For limiting dilution assays, cells were serially diluted from 1 × 106 to 1 × 103 cells/100 μl in PBS containing 50% Matrigel (BD Biosciences), followed by subcutaneous injection into nude mice. Four mice were randomly allocated in each group. Tumor formation was examined once every 3 days, and the total observation period was 4 weeks. Solid tumor size measurement method as stated above.

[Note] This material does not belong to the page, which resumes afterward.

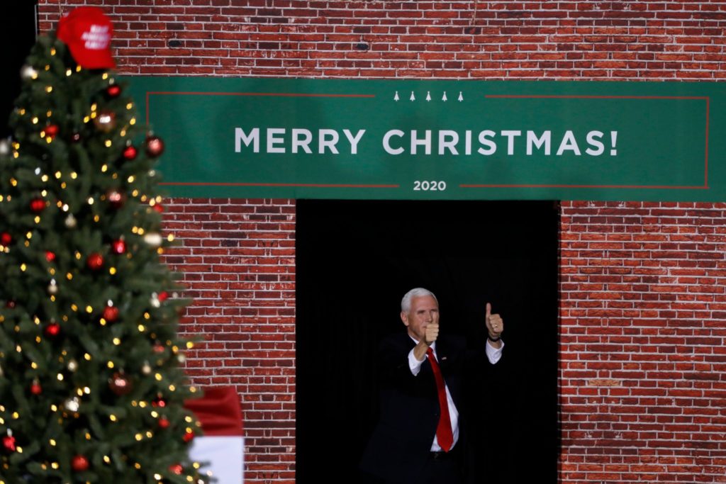 USAs visepresident Mike Pence ankommer et «Keep America Great»-arrangement på Kellogg Arena i Battle Creek, Michigan, 18. desember 2019. Foto: Jeff Kowalsky/AFP/NTB Scanpix

Primary cell isolation and culture

The mouse tumor samples were chopped into small pieces, and incubated in fresh complete medium with 5 mg/ml collagenase I solution with 0.2 mg/ml hyaluronic acid in shaker at 37 °C for 3 h with 220 r/min. After incubation, the suspensions were passed through 70 μm (FALCON, REF352350) pore filter and centrifuge at 1000 rpm for 5 min. The pellet was resuspended in the fresh DMEM containing 10% FBS and plated into 60 mm cell culture plates.

Immunohistochemistry

Resected xenograft tumor tissues were fixed with 4% paraformaldehyde before embedded in paraffin. Prepared tissue sections (4 μm) were deparaffinized with xylene and rehydrated with graded alcohol. Tissue sections were then treated with blocking solution (ZSGB-Bio) for 30 min at room temperature, before primary antibody incubation overnight at 4 °C, followed by secondary antibody incubation for 1 h at room temperature. Tissue samples were stained using a peroxidase IHC assay kit (ZSGB-Bio, Beijing) according to the manufacturer’s instructions. Mounted sections were examined by light microscopy (Leica) and acquired images were analyzed with Image-Pro Plus software (version 6.0).

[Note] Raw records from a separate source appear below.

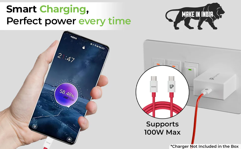 VoLo 100 Type C fast charging cable for One Plus charger supports latest fast charging protocols like VooC, SuperVooc , Super Dart, Warp, Dash & Dual Engine fast charging of upto 100W. It is also backwards compatible with older generation phones which require lower outputs of 80W / 65W / 30W/25W/18W. It’s the perfect original replacement cable.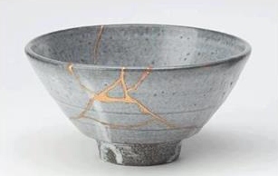 I recently saw a photograph of a broken pot that had been mended using the kintsukuroi method. Kintsukuroi is the Japanese art of repairing broken pottery with gold or silver lacquer. It enshrines the belief that the piece in question can actually be made even more beautiful for having been broken. I am used to mending broken pots – my mother-in-law is a potter and our large garden is full of her creations that sometimes get broken by either the elements or wild animals. I have become an expert in the use of ‘super glue’ … but none of my repaired broken pots are as magnificent as those put back together again with the use of kintsukuroi.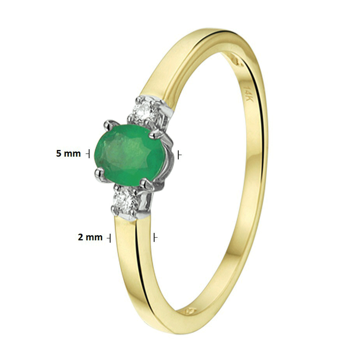 Bicolor geel en witgouden ring van 5mm breed uitgevoerd met een luxe solitaire smaragd steen en een rijzetting van diamant 0.05ct. Tip: Leuk om kado te doen aan dierbare of je geliefde. Diamonds are girls best friend!.

Clinical tissues samples collection

Fresh lung cancer tissues and adjacent normal tissues were continuous enrolled from patients with pathologically and clinically confirmed lung carcinomas. All of tissue specimens were kept in liquid nitrogen and sectioned for protein extraction. The use of the clinical samples in this study was approved by the Ethics Committee of the first affiliated hospital of Dalian Medical University (PJ-KS-KY-2021-94). All human tumor tissue samples were acquired with the written informed consent of patients or their guardians before involvement in the research.

Statistics

Statistical analyses were performed by prim 9.5.1 (GraphPad Software, San Diego, CA, USA). Biologically repeated experiments (n = 3) were carried out to allow statistical analysis. Results were illustrated by mean ± standard error of the mean (SE). Two-tailed Student’s t-test was performed to evaluate statistical differences between groups, one-way ANOVA was employed to compare data among multiple groups, post-hoc comparisons among groups were made using the Tukey’s HSD procedure. with calculated p-values of less than 0.05 deemed as significant differences. Overall survival and First Progression were assessed using the Kaplan-Meier method, and differences between survival curves were evaluated using the log-rank test. No blinding was used. Sample sizes were selected without predetermined effect size.